Понятны, например, крайности его борьбы с католичеством. Хомякову как будто недостаточно еретичества Запада, ему хочется самые ереси Запада представить как бесповоротную бессмыслицу,— что приводит его к приведенным выше нехорошим словам об евхаристии в западном понимании, как «атомистическом чуде», и папе, как об «оракуле»,—словам, которые едва ли можно расценивать иначе, чем шаг на пути к толстовским кощунствам, когда другой «великий альтруист», и даже «величайший альтруист», опять-таки, по внушению человеческого самоупора, объявлял святые таинства «колдовством». К этим же крайностям относятся и чрезмерные обвинения романизма в лишении мирян Святой Чаши. Если бы Хомяков применил в отношении к католицизму тот самый метод познания, в забвении которого он обвиняет Запад,— познание любовью,—то, может быть, он нашел бы аналогии и в Церкви тем латинским особенностям, которые, будучи там, на Западе, погрешностями, не суть, однако, бесповоротные бессмыслицы, как их склонен толковать Хомяков. Так, например: папа, конечно, не непогрешим, но это не потому, что если бы признать противное, то этим непременно пришлось бы приравнять папу к «оракулу». Почему же в принципе, отвлеченно говоря, нелеп, недопустим благодатный дар непогрешимости в делах веры,—непогрешимости, независимой от степени нравственного совершенства,—если может быть независимым от нравственного совершенства дар совершать святейшие таинства. Хомяков говорит, что притязания папы на непогрешимость в делах веры можно было бы уподобить притязанию какого-нибудь епископа на совершенство любви. Опять-таки повторяем, что, отрицая фактическое существование дара непогрешимости, какового Церковь фактически же не признает, мы не видим, почему последнее сравнение Хомякова приводит этот несуществующий дар к нелепости в принципе. И почему в принципе недопустим благодатный дар любви Христовой, ниспосылаемой при рукоположении епископу или священнику? Да, кроме того, в православном богословии и на самом деле высказывался взгляд, согласно которому особенность дара священства есть именно сострадательная любовь.

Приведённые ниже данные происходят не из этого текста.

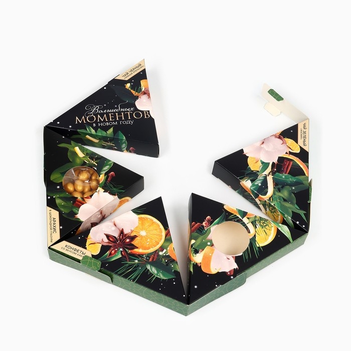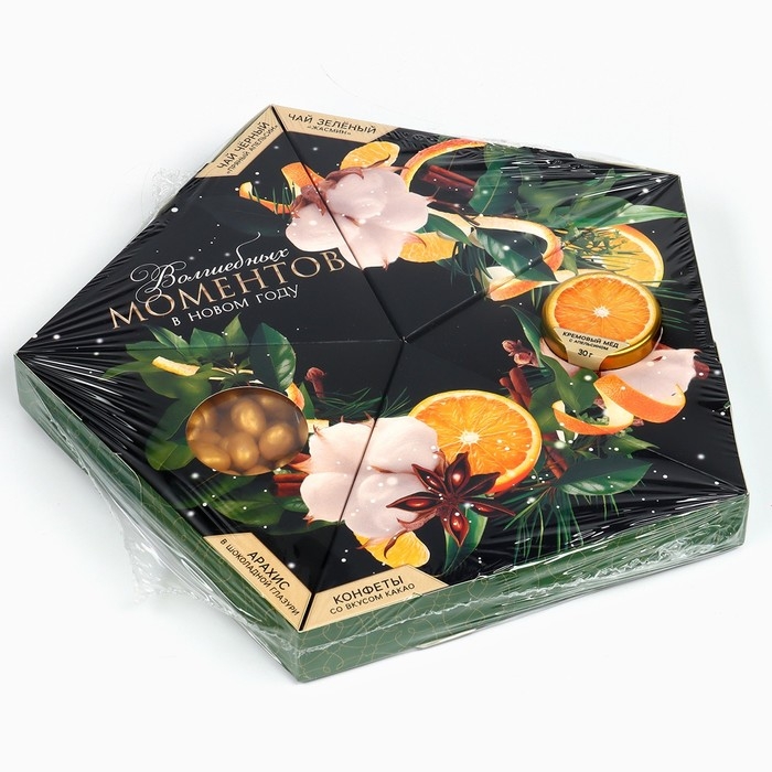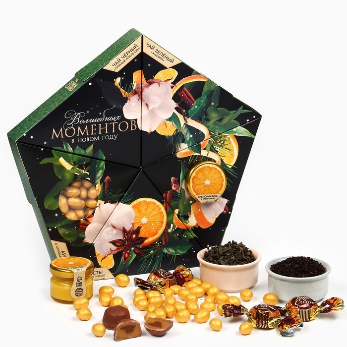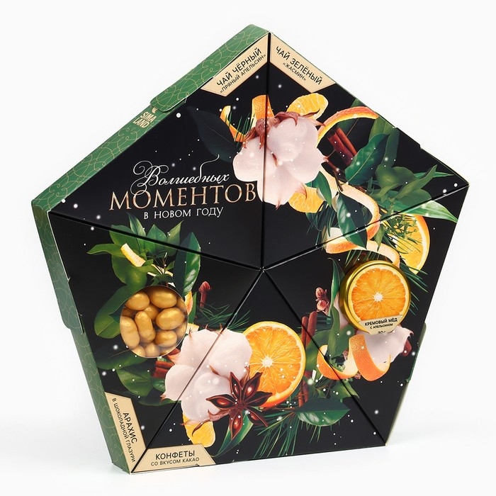 Новый год! Подарочный набор «Волшебных моментов в новом году»: чай зеленый с жасмином и чёрный: пряный апельсин 20 г., арахис в глазури 70 г., конфеты с начинкой 100 г., крем - мёд со вкусом апельсина 30 г.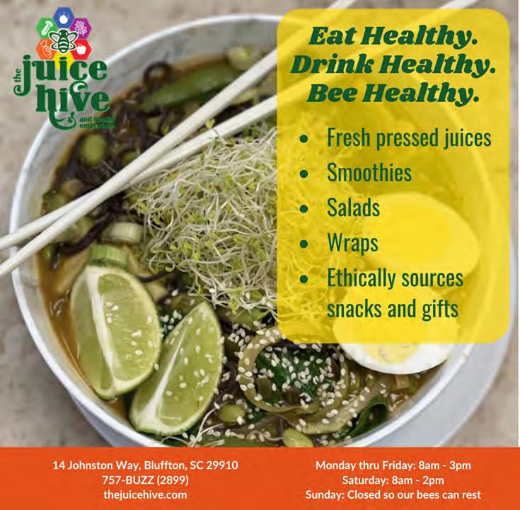 THE BLUFFTON SUN Issue 13, July 1, 2025, is published twice monthly by Beaufort Media Group, LLC, 181 Bluffton Rd Suite F103-2 Bluffton, SC 29910. Periodicals Postage paid at Bluffton, SC and at additional mailing offices. POSTMASTER: Send address changes to THE BLUFFTON SUN, PO Box 2056, Bluffton, SC 29910-2056.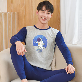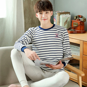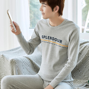 纯棉男士秋衣秋裤套装青少年衣裤棉毛衫秋冬薄款全棉保...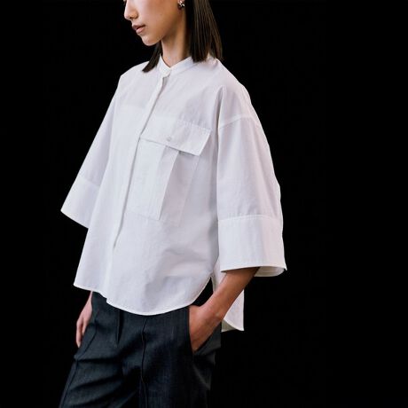 【ビッグポケットが映える。夏まで活躍するクロップドシャツ】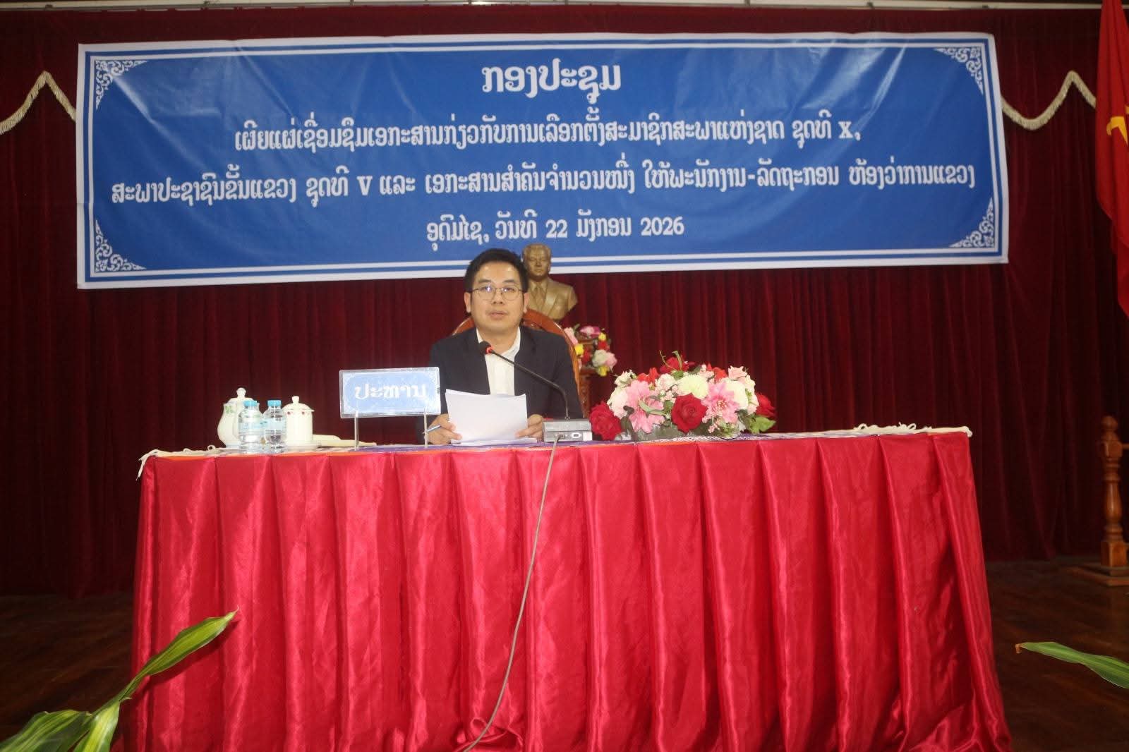 ໃນວັນທີ 22 ມັງກອນ 2026, ທີ່ຫ້ອງປະຊຸມຫ້ອງວ່າການປົກຄອງແຂວງ, ໄດ້ຈັດກອງປະຊຸມເຊື່ອມຊຶມເອກະສານສຳຄັນຂອງພັກ, ກົດໝາຍຂອງລັດ ແລະ ເອກະສານມູນເຊື້ອວັນສຳຄັນຕ່າງໆຂອງຊາດ. ກອງປະຊຸມຄັ້ງນີ້ ໃຫ້ກຽດເປັນປະທານໂດຍ ທ່ານ ພິໄລທອງ ຈິດມະນີ, ກຳມະການສຳຮອງສູນກາງພັກ, ຫົວໜ້າຫ້ອງວ່າການແຂວງ; ມີບັນດາຄະນະຫ້ອງວ່າການ, ພະແນກການ, ພ້ອມດ້ວຍພະນັກງານ-ລັດຖະກອນພາຍໃນຫ້ອງວ່າການເຂົ້າຮ່ວມຢ່າງພ້ອມພຽງ.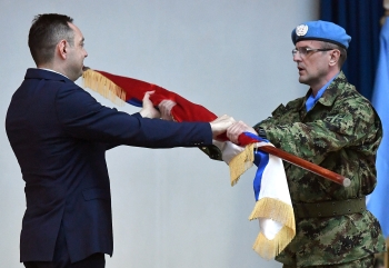 Вулин је предао заставу Републике Србије команданту српског контингента пуковнику Горану Радосављевићу.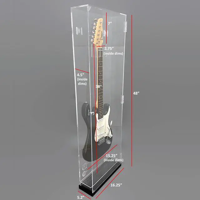 The ultimate display case for your electric guitar is here. Perfect for the man cave or office as an amazing way to show off your Jimi Hendrix autograph. Our OnDisplay guitar display cases are a necessity for any true music memorabilia enthusiast. Protect your investments and collectibles with our handmade UV-protected Ultra clear 6mm (4mm door) thick acrylic cabinet. Your memorabilia will be free of dust and will be protected from fading with our highest end display cases. Each 100% acrylic display case is hand-made and includes a locking magnetic cabinet door with 2 keys.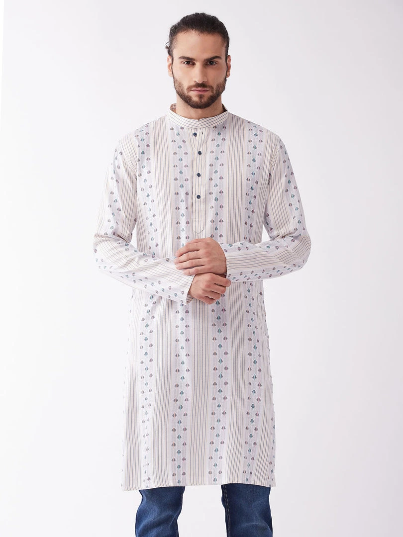 Woven design straight kurta, has a mandarin collar, and a straight hem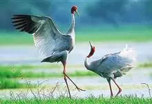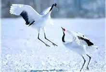 丹顶鹤:是鹤科、鹤属的一种大型涉禽,体长120-160厘米。颈、脚较长,通体大多白色,头顶鲜红色,喉和颈黑色,耳至头枕白色,脚黑色,站立时颈、尾部飞羽和脚黑色,头顶红色,…全部>>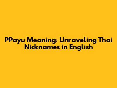 P'Payu Meaning: Unraveling Thai Nicknames In English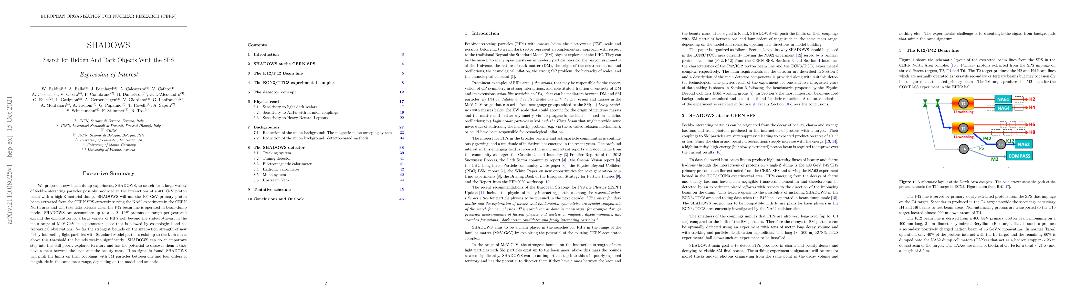 SHADOWS experiment aims to search for feebly-interacting particles, potentially discovering new physics beyond Standard Model, using a 400 GeV proton beam and accumulating up to 2 x 10^19 protons on target per year.

«Пастырю,—говорит архиепископ Антоний,—дается благодатная сострадательная любовь к пастве, обусловливающая собою способность переживать в себе скорбь борьбы и радость о нравственном совершенствовании своих пасомых, способность чревоболеть о них, как ап. Павел или Иоанн. Такое свойство пастырского духа и выражает самую сущность пастырского служения». Подобным же образом, отвлеченно говоря, мог бы конструироваться и дар особой чуткости, а отсюда — и непогрешимости в вопросах догматических. «Но ведь,— сказал бы Хомяков,— латиняне признают этот дар не за епископами вообще, а за одним лишь папою». Да; но надо добавить и то, что иерархическую степень папы они рассматривают не как третью, а как четвертую, совсем отличную от степени епископа, так что папа признается единственным представителем своей степени. Следовательно, дело не в нелепости притязаемого дара непогрешимости, а в несуществовании четвертой степени священства. Но и этот пункт противокатолической полемики стал ненадежным после того, как в новейшее время стали в нашем богословии раздаваться голоса в пользу признания патриаршества особой степенью священства,— четвертою. Если же эти голоса найдут себе сочувствие, то придется определять и своеобразную особенность этой степени. А так как особенностью степени епископской признается содержание учения церковного в чистоте и неповрежденности, то как бы не пришлось на этом пути особенностью степени патриаршей признать именно непогрешимость в высказывании новых суждений о делах веры, т. с. согласиться с латинством. История Запада связана роковой и несокрушимой логичностью, и если латиняне пришли к измышленным ими догматам, то к этому они вынуждались всем своим прошлым».— Священник Павел Флоренский. Около Хомякова//Соч.. В 4 т. Т. 2. М., 1996. С. 305—307.— 230.